Having Lucas home continues to be wonderful, but yesterday we had our first heart-thumping scare. After holding Lucas peacefully on his chest for a while, Burke moved him in preparation for putting him back in the crib. All of a sudden his oxygen saturation started dropping and it became clear that something was clogging his airway. We got him in the crib and started giving him some extra breaths with an “ambu” resuscitation bag, but the numbers on his monitor kept dropping and he clearly looked like he was choking. So we did what we had learned at the hospital and quickly changed his tracheostomy, removing the trach and placing a new one in the stoma. We then connected the oxygen tank to the ambu bag and continued giving him breaths, now including supplemental oxygen. And sure enough, his oxygen saturation started going up, his color returned, and we took in a deep, collective breath of relief.

It all happened so fast and included various beeping and alarming machines, which certainly added intensity to the situation. Most difficult was seeing Lucas’s shocked look and his color change – babies turn blue pretty quickly when they don’t get enough oxygen in their blood.  This kind of thing has happened before in the hospital, but there were always nurses around to help out.  Yesterday we were on our own, and we’re proud to say that we did great. We kept our cool, did what needed to be done, and proved that we’re a darn good team. We also learned a few things in the process, such as the need to more frequently suction out Lucas’s trach so that such major mucus buildups don’t happen. (For any nurses and parents of kids with trachs who read this: we’re open to more advice!)  And we learned that for now at least it’s important to have the oxygen tank close at hand at all times.
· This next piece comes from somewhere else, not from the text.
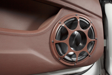 Мидбас фронта – Morel Elate MW 9. 9-дюймовый калибр, как ясно из обозначений. В описании второй системы я этого не упоминал, подобные мидбасы – единичное явление. И именно здесь оно явилось… В процессе установки в дверь резонансная частота равняется 40 Гц при добротности 0,5, а это является залогом точного фронтального аудиофильского баса. Для проведения монтажа динамиков основательно поработали с дверями – полное вибродемпфирование (четыре слой STP Gold), отверстия заглушили стеклопластиковыми панелями, установили опорные кольца фирменного оранжевого цвета (ведь говорилось, авторская манера). И, конечно же, кардинально переделывали облицовку дверей, для автоакустики мидбаса от природы не предназначается – урезание кармана, установили грили и перетягивали кожей. Кожа выписывалась «родная» немецкая, по VIN-коду.

We hadn’t used it since arriving home but on this occasion we were thankful that we’d done a test run a few days before.  We were also trained in the hospital in infant CPR, so knowing we could do CPR if necessary is important.

So we don’t mean to freak out our friends with this story but it’s an example of what can happen with Lucas.  Despite his amazing progress he is still fragile and he does have a tracheostomy which is exactly why someone, if not two people, need to be by his side at all times.

Krista’s sister, Megan, arrives today, and we’re looking forward to having another person around to help.  We are still trying to strictly limit the number of people Lucas comes into contact with, though.  Our scare yesterday wasn’t cold or flu related, but it was a reminder of why more mucus in Lucas’s lungs could be dangerous.  So we want to thank everyone for inquiring about visits, and also ask for your understanding while we keep Lucas’s visitor policy pretty strict.

On a lighter note, Lucas continues to break records in both quantity and frequency of urine output.  He’s soaked through multiple diapers and seems unfazed by it all — maybe even proud to have inherited his dad’s hyperactive bladder.